Instructions to follow:
When you copy the material below, keep every line exact and omit the pictures.

Data section:

....

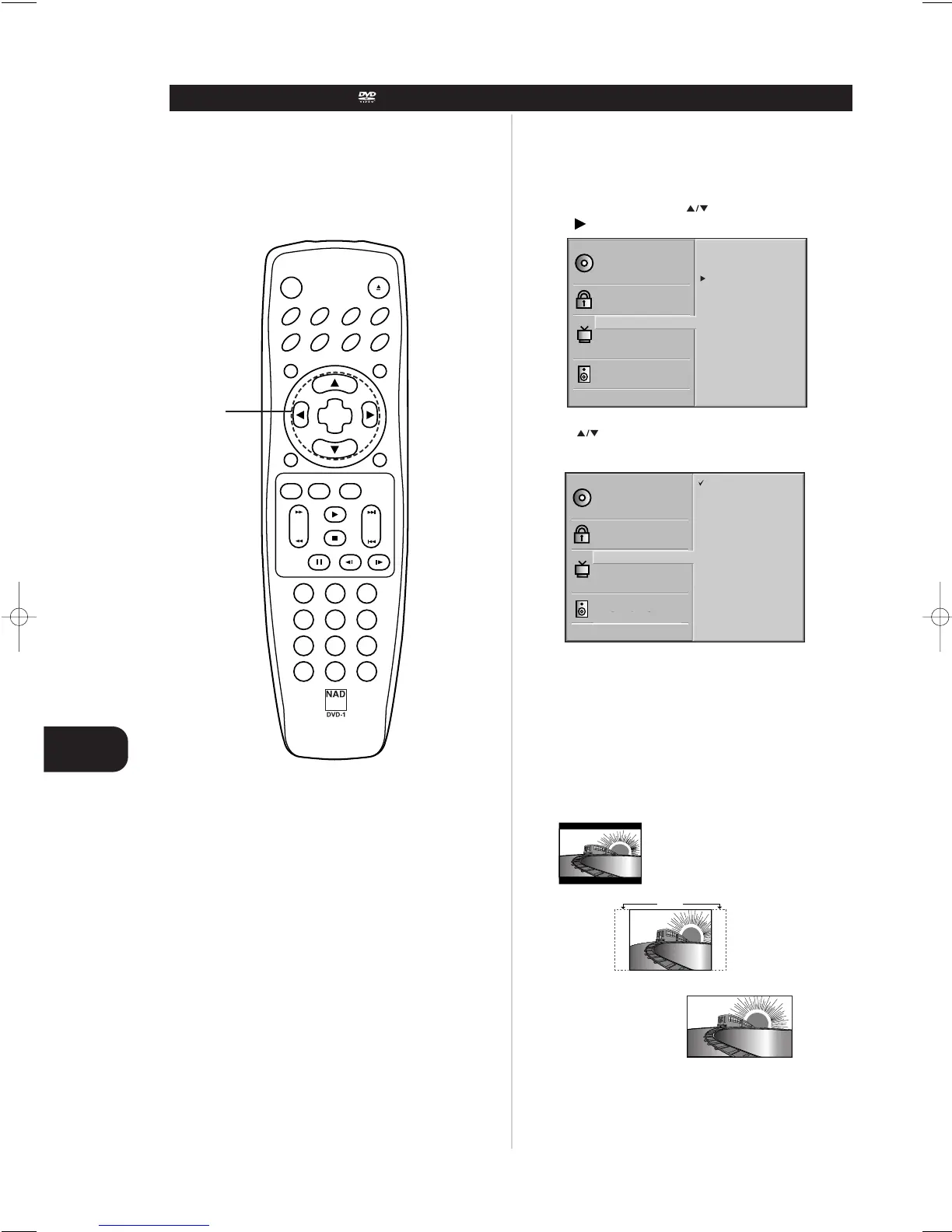 4 3 Panscan : Select when a conventional TV set is connected. The video
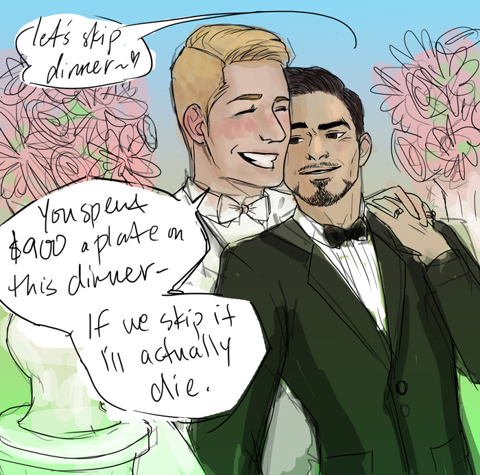Having just barely survived my own wedding I’ve decided Steve would be the type to start to crack under wedding stress/cost and Tony would have no ability to empathize with this particular meltdown.
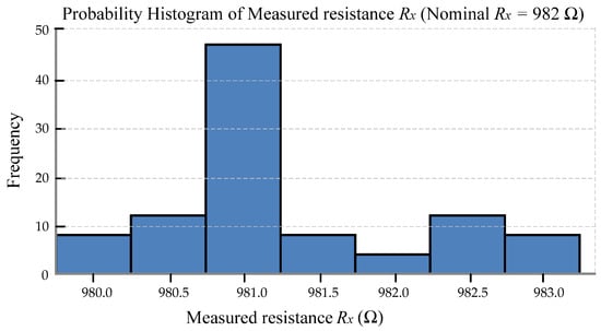Probability histogram of measured resistance for a nominal 982 Ω resistor, based on 100 consecutive readings (each averaged over 100 ADC samples). The tight distribution demonstrates high measurement repeatability and noise robustness, particularly when is close to the calibration resistor Ω.
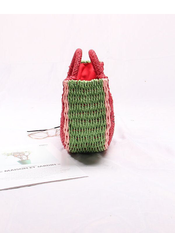 Say goodbye to boring beach days because this watermelon straw woven tote will brighten up your little one's outfit. With a bright red and green color mix, round handles, and a trendy silhouette, this fun accessory is sure to turn heads and make people smile!
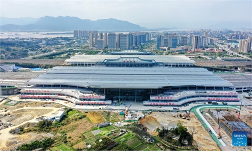 Cranes are seen at the construction site of the Yongjia section of the Hangzhou-Wenzhou high-speed railway in Wenzhou, East China's Zhejiang Province, on March 1, 2023. The 331-kilometer line is an important part of the high-speed railway network in the Yangtze River Delta. The travel time from Hangzhou to Wenzhou will be reduced to less than one hour upon completion. Photo: cnsphoto
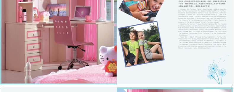 产品定位亲民、时尚、安全环保,每一款产品的设计和生产充分结合青少年儿童的成长特点和生活习惯,安全性能方面做到无微不至,“为孩子创造安全环保,理想舒适的成长空间”是我们的责任和使命。
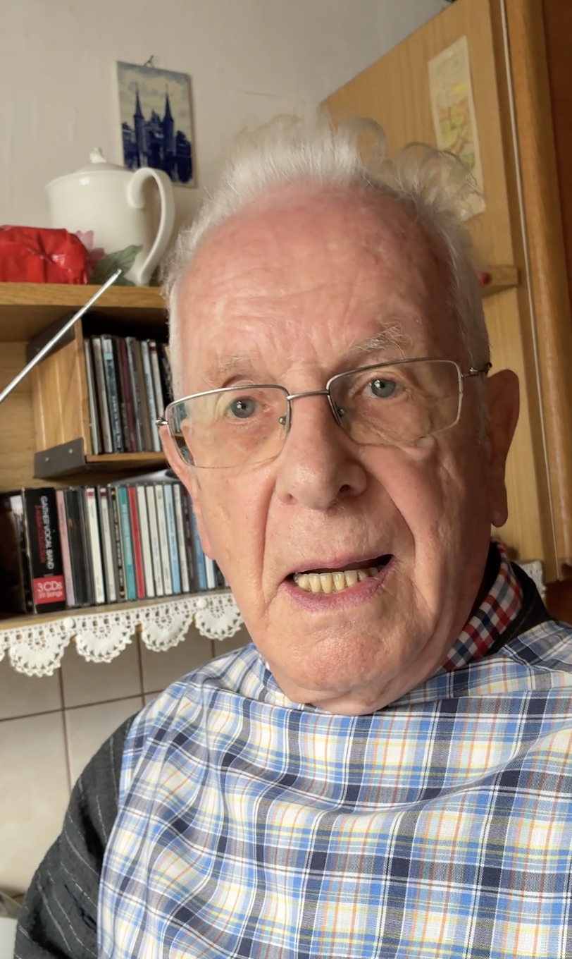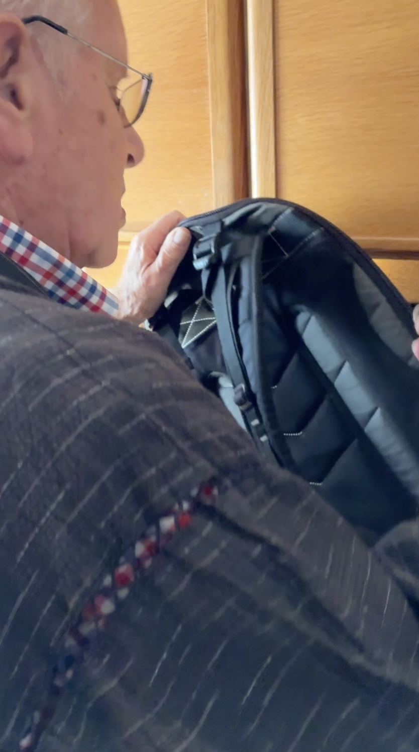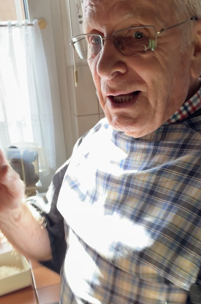 買い物帰り。前にあげた甚平を日常遣いでシャツに合わせるオパ。

....

Answer for the task:
 4 3 Panscan : Select when a conventional TV set is connected. The video
Having just barely survived my own wedding I’ve decided Steve would be the type to start to crack under wedding stress/cost and Tony would have no ability to empathize with this particular meltdown.
Probability histogram of measured resistance for a nominal 982 Ω resistor, based on 100 consecutive readings (each averaged over 100 ADC samples). The tight distribution demonstrates high measurement repeatability and noise robustness, particularly when is close to the calibration resistor Ω.
 Say goodbye to boring beach days because this watermelon straw woven tote will brighten up your little one's outfit. With a bright red and green color mix, round handles, and a trendy silhouette, this fun accessory is sure to turn heads and make people smile!
 Cranes are seen at the construction site of the Yongjia section of the Hangzhou-Wenzhou high-speed railway in Wenzhou, East China's Zhejiang Province, on March 1, 2023. The 331-kilometer line is an important part of the high-speed railway network in the Yangtze River Delta. The travel time from Hangzhou to Wenzhou will be reduced to less than one hour upon completion. Photo: cnsphoto
 产品定位亲民、时尚、安全环保,每一款产品的设计和生产充分结合青少年儿童的成长特点和生活习惯,安全性能方面做到无微不至,“为孩子创造安全环保,理想舒适的成长空间”是我们的责任和使命。
 買い物帰り。前にあげた甚平を日常遣いでシャツに合わせるオパ。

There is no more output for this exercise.